Good luck and loads of babydust coming your way!!! I'm 6 days late today and this waiting is driving me nuts!!! I had a BFN on 6/18, so Im waiting to see if af comes or I will test this weekend!!! HOPE YOU GET YOUR BFP!!!!!!!!


----------



## Glowbug

I'm hoping for your BFP!!!!!!


----------



## Snip

8 days late / 22 dpo.........No :witch: 

getting my hpt's today :happydance:


----------



## SKAV

Snip said:


> 8 days late / 22 dpo.........No :witch:
> 
> getting my hpt's today :happydance:

Lovely chart Snip! Yippee for those tests arriving today :happydance: can't wait for the pics, and I hope they are a lot darker:thumbup:


----------



## Snip

You guys (girls) wont believe what just happened! 
Went to the loo and after pee'ing remember i have to hold out for the hpt!
so i went to the post office and package arived! Rush home and pee in a cup...pee only held for half an hour! THE CUP FELL IN THE TOILET! AAAARRRGGG!!
anyway...held urine for 10min and dipped an IC. :bfp: 
faint but def there. Took pics with my phone cause hubby is home! Will upload asap


----------



## girlibird

congratulations snip so so so very happy for you xxxx


----------



## tupi

Snip said:


> You guys (girls) wont believe what just happened!
> Went to the loo and after pee'ing remember i have to hold out for the hpt!
> so i went to the post office and package arived! Rush home and pee in a cup...pee only held for half an hour! THE CUP FELL IN THE TOILET! AAAARRRGGG!!
> 
> 
> anyway...held urine for 10min and dipped an IC. :bfp:
> faint but def there. Took pics with my phone cause hubby is home! Will upload asap

:happydance:


----------



## MKL073007

:hug::dance::yipee:


----------



## AllMacsNow

YAY!!!!

I am so excited for you guys. 

That would totally happen to me (the cup falling in the toilet part ;) )

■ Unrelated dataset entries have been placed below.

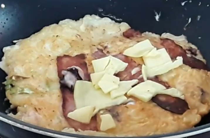 5.นำชีสวางด้านบนรอจนชีสละลาย แล้วตักขึ้นใส่าน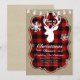 Julmiddagsbjudan med hjort, lumberjack-tema och röd buffelbakgrunden. Perfekt om du planerar för en julafton party.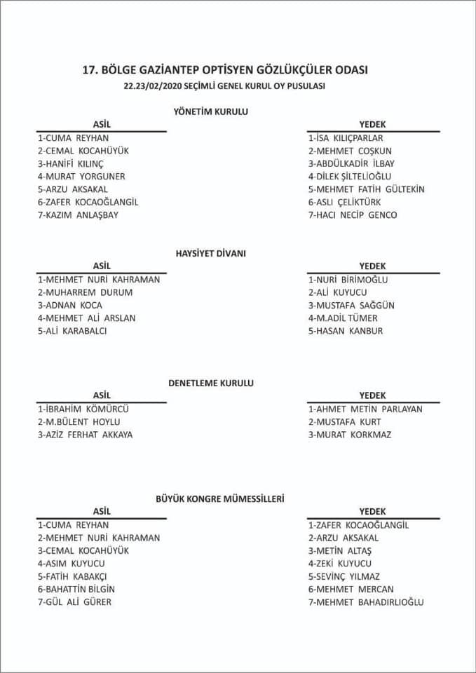 Optik Gazete olarak Genel kurulda ilk Gaziantep Optisyen Gözlükçüler Odası başkanı olarak seçilen Cuma Reyhan ve ekibini kutluyor, başarılar diliyoruz, Gaziantep Optisyen - Gözlükçüler odasına bağlı Kahramanmaraş, Malatya, Adıyaman ve Kilis illerimizdeki tüm sektör mensuplarına hayırlı olmasını diliyoruz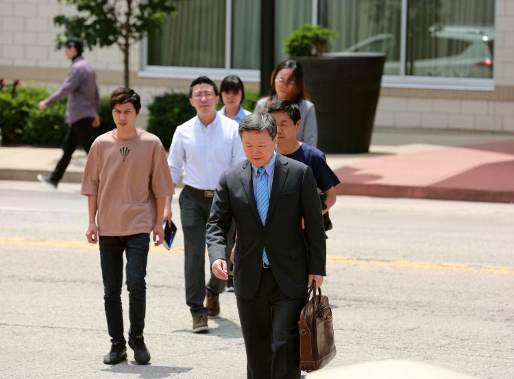 7月8日,在美国伊利诺伊州皮奥里亚,华人律师王志东和章莹颖的家人抵达联邦法院。新华社记者汪平摄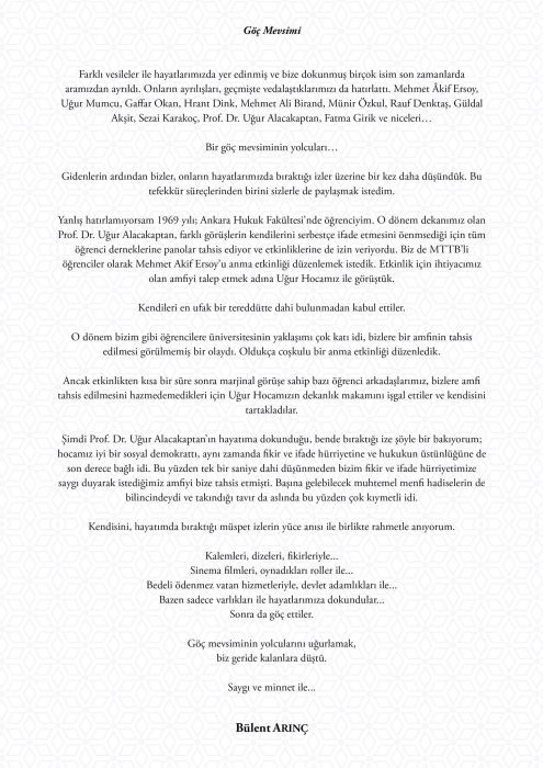 Eski TBMM Başkanı Bülent Arınç, Twitter hesabından "Göç Mevsimi" isimli bir anma yazısı yayımladı. Bülent Arınç, yazısında başta 22 Ocak'ta yaşamını yitiren Ceza Hukukçusu Prof. Dr. Uğur Alacakaptan olmak üzere; Mehmet Akif Ersoy, Uğur Mumcu, Gaffar Okkan, Hrant Dink, Mehmet Ali Birand, Münir Özkul, Rauf Denktaş, Güldal Akşit, Sezai Karakoç ve Fatma Girik'i andı.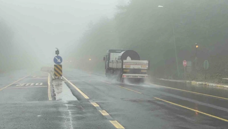 Türkiye'nin en önemli geçiş güzergahlarından biri olan D-100 kara yolunun Bolu Dağı geçişinde yoğun sis ve sağanak sebebiyle görüş mesafesi 20 metreye kadar düştü.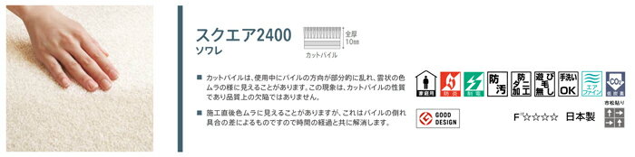 東リ ファブリックフロア スクエア2400 ソワレ ペット 洗える 床暖対応吸着 タイルカーペット 500mm×500mm 厚さ10mm【枚売り 10枚以上1枚単位】 送料無料※北海道・沖縄・離島は20枚毎に700円(税別) 商品詳細 東リ ファブリックフロア スクエア2400FF2401 FF2402 FF2403 FF2404 FF2405 FF2406 FF2407 FF2408 FF2409ソワレ 500mm×500mm 厚さ8mm【枚売り 10枚以上1枚単位】 送料無料※北海道・沖縄・離島は20枚毎に700円(税別) 品名 住宅用タイルカーペット 品番 FF2401 FF2402 FF2403 FF2404 FF2405 FF2406 FF2407 FF2408 FF2409 柄名 スクエア2400 ソワレ サイズ 500mm×500mm 厚さ10mm 旧→新品番対照表 旧品番と同一品番・FF2408 FF2409のみ新品番 パイル カットパイル 販売単位 10枚以上1枚単位での販売(アソート可) 送料について 送料無料 ※北海道・沖縄・離島は20枚毎に700円(税別) 商品について ※1枚単位の販売価格となります。
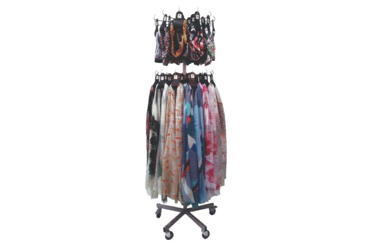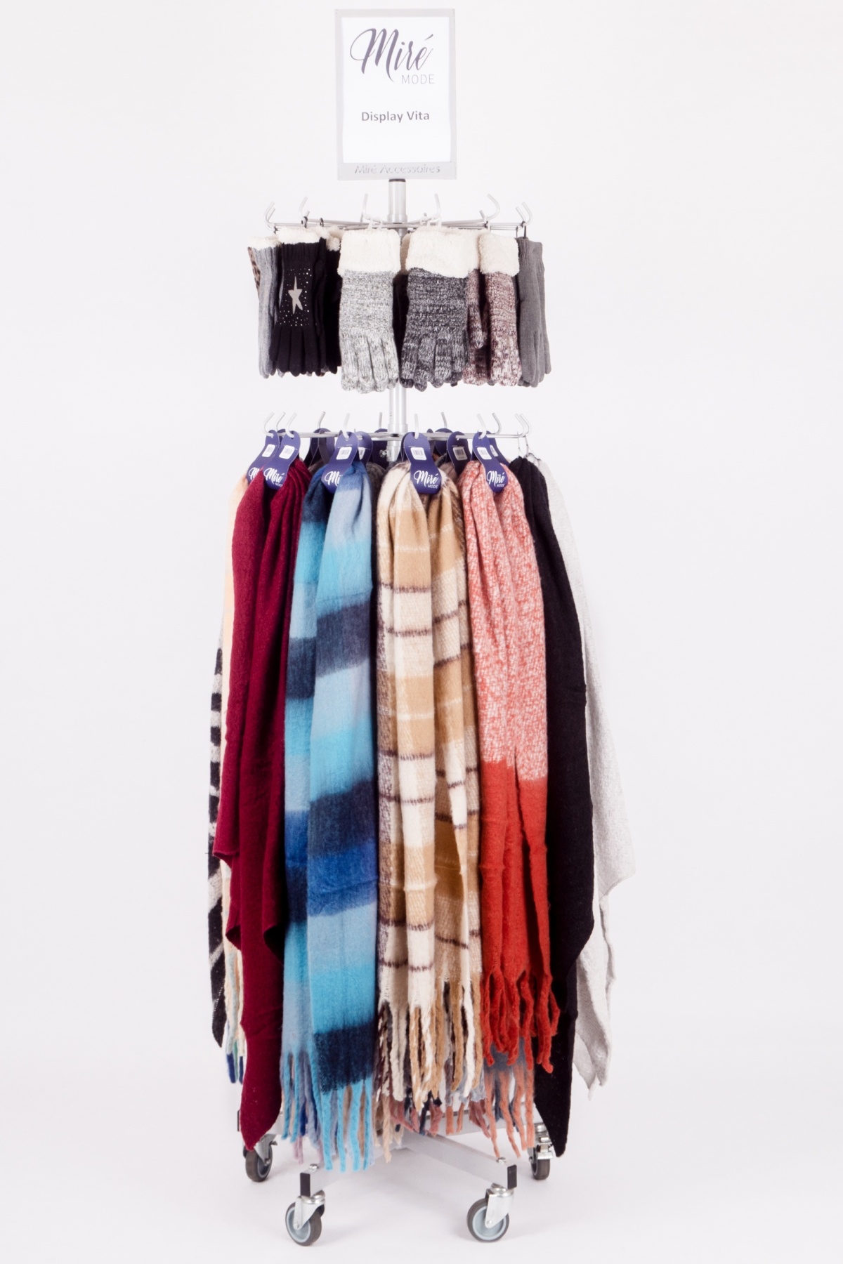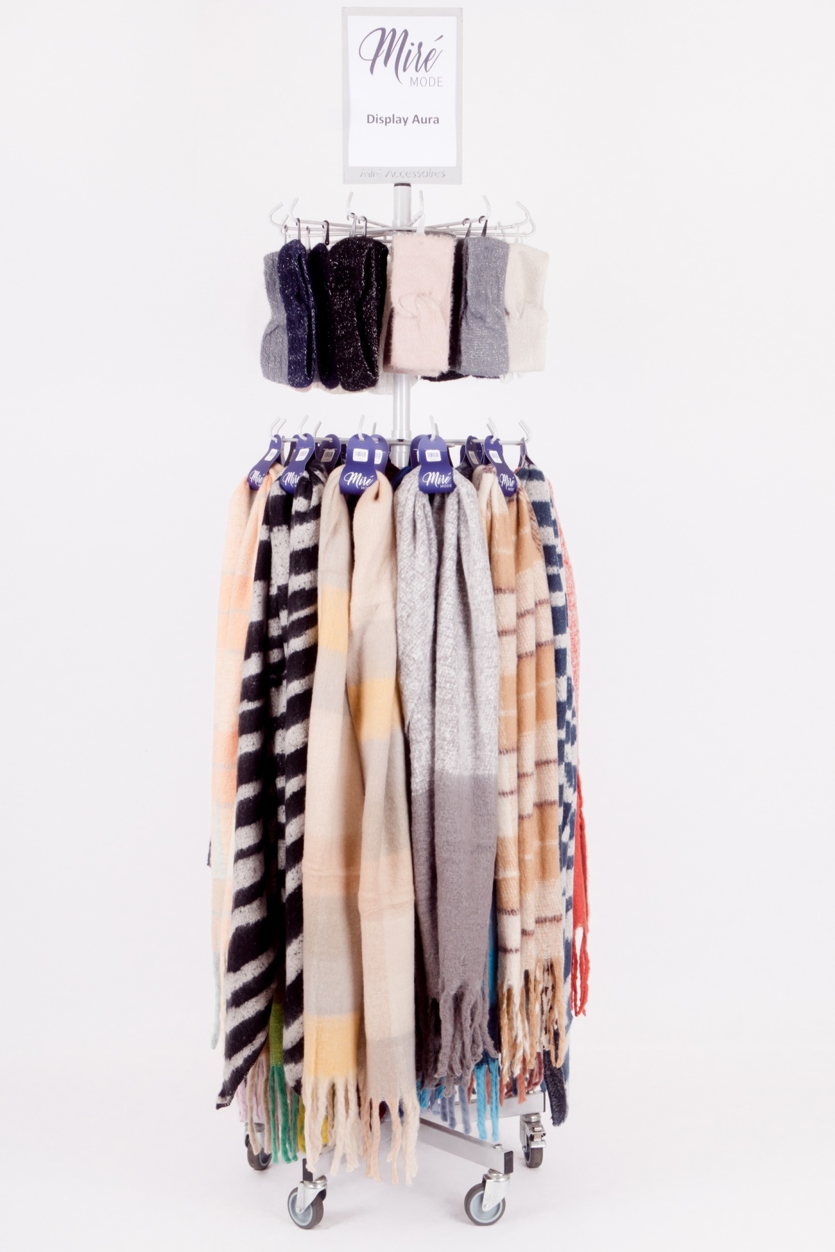Wij bieden verschillende combinaties met sjaals doordat wij het display zo hebben ontworpen dat u de bovenste ring kunt voorzien van extra producten. Hierdoor genereerd u meer verkoop terwijl u geen extra verkoopmeters kwijt bent.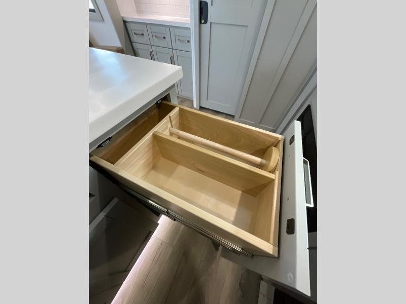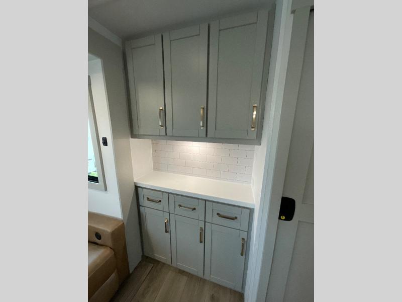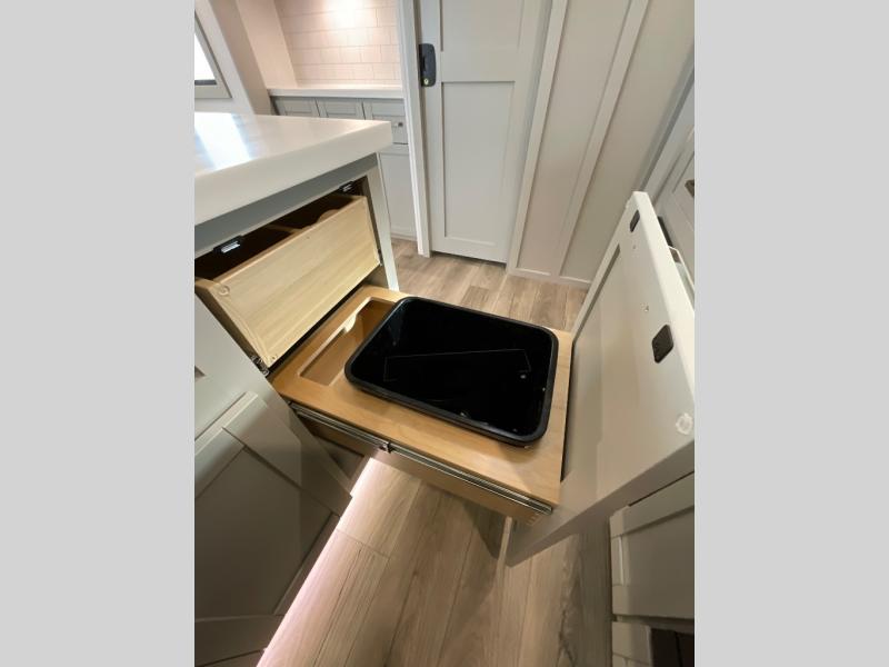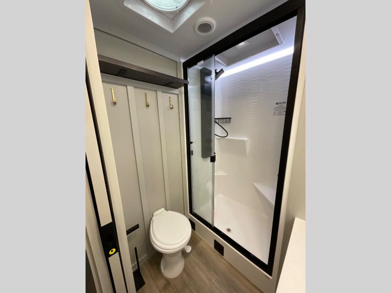 With any Model Z Air travel trailer by Brinkley, you will enjoy premium features at every turn. The industry-first low maintenance roof is sure to be appreciated, plus there are industry-first brass plumbing connections for excellent resistance to corrosion. The drop-frame chassis with a massive pass-through bay will allow you to bring along camp gear galore, plus there are motion lighting and power outlets for added convenience! You'll also find two hot/cold showers outdoors, along with a 370-watt solar panel and a premium utility center with a retractable 65' water hose to wash off mud from the lake. The interior is just as accommodating with its solid surface countertops, Brinkley CraftSense wood trim construction, integrated blackout window shades, and the list of luxury features goes on!

Congrats, Mama, and how cool you found out on LG's birthday too!


----------



## ttc11786

I'm so happy for you snip!! we all knew this was going to be the outcome! :)


----------



## jamhs

Congrats! hope you have a h&h 9 month!


----------



## kdutra

OMG Congrats!!! Post pictures!!! hurry!!!!


----------



## Moo Ba LaLaLa

Congratulations, Snip! H&H 9 months!


----------



## Snip

Thnx to everyone!!

I just hope the line is darker 2morow morning with fmu!!


----------



## Snip

This mornings IC with 10min holding wee.....
Pics taken with my phone so it's not really good...but there's def a line!!


----------



## Snip

Test taken just now....pics taken with phone at 2min


----------



## artsiekat

Yay! Congrats, momma! :happydance::happydance:


----------



## Emo1978

YAY CONGRATULATIONS! :happydance::happydance::happydance:


----------



## SKAV

*Congrats!!!*

:wohoo::wohoo::wohoo::yipee::yipee::yipee::wohoo::wohoo::wohoo:

you won't imagine how much am happy for you...!!!:hugs:


----------



## pink23

congrats xx


----------



## 3boys

congrats


----------



## Snip

my test this morning...pics taken with my phone so not the best!
Line do look a little bit darker bit not really convincing....


----------



## girlibird

i see them snip congratulations hun h&h 9 months xxxx


----------



## Snip

soooo I just realized I'm one of those that have to use 2nd or 3rm MU.

Yesterday I did an IC with 3MU=got a good but faint line...
IC today with FMU=vvvvv faint line....
did an IC just now with 3MU=very clear second line!!

So all this time I tested with FMU and got superfaint lines....and now testing with 3MU I get darker lines!!


----------



## gilberts79

Picturrrrrre! :D seriously its the same for me with opks and hpt's... Congrats hun!!!!! x


----------



## R&JBabybean

congratulations x


----------



## 3boys

ics were the same for me! for 3 days i got negatives in the morning but lines in the afternoon!


----------



## Snip

Top one was noon today
bottom one fmu


----------



## Snip

tweekers welcome to get the lines more noticable


----------



## here_we_r

Hey Snip!!! :hi:

You girlie YOU!!!:haha: Congratulations!! I didn't know you had a thread until I just read it on TTC.:dohh: Congrats again my friend. I'm so happy for you. Now on to First Tri for you..:happydance: Congrats again my love!


----------



## SunUp

:wohoo::yellow::yellow::wohoo:YAY:flower:


----------



## artiste

girlibird said:


> with my second child i never got a bfp till i was 3 weeks late!! so there is still hope .. this time round my bfp started very very faint only showing the antibody strip at 17dpo, then at 18 and 19dpo it started getting darker, when was your period due?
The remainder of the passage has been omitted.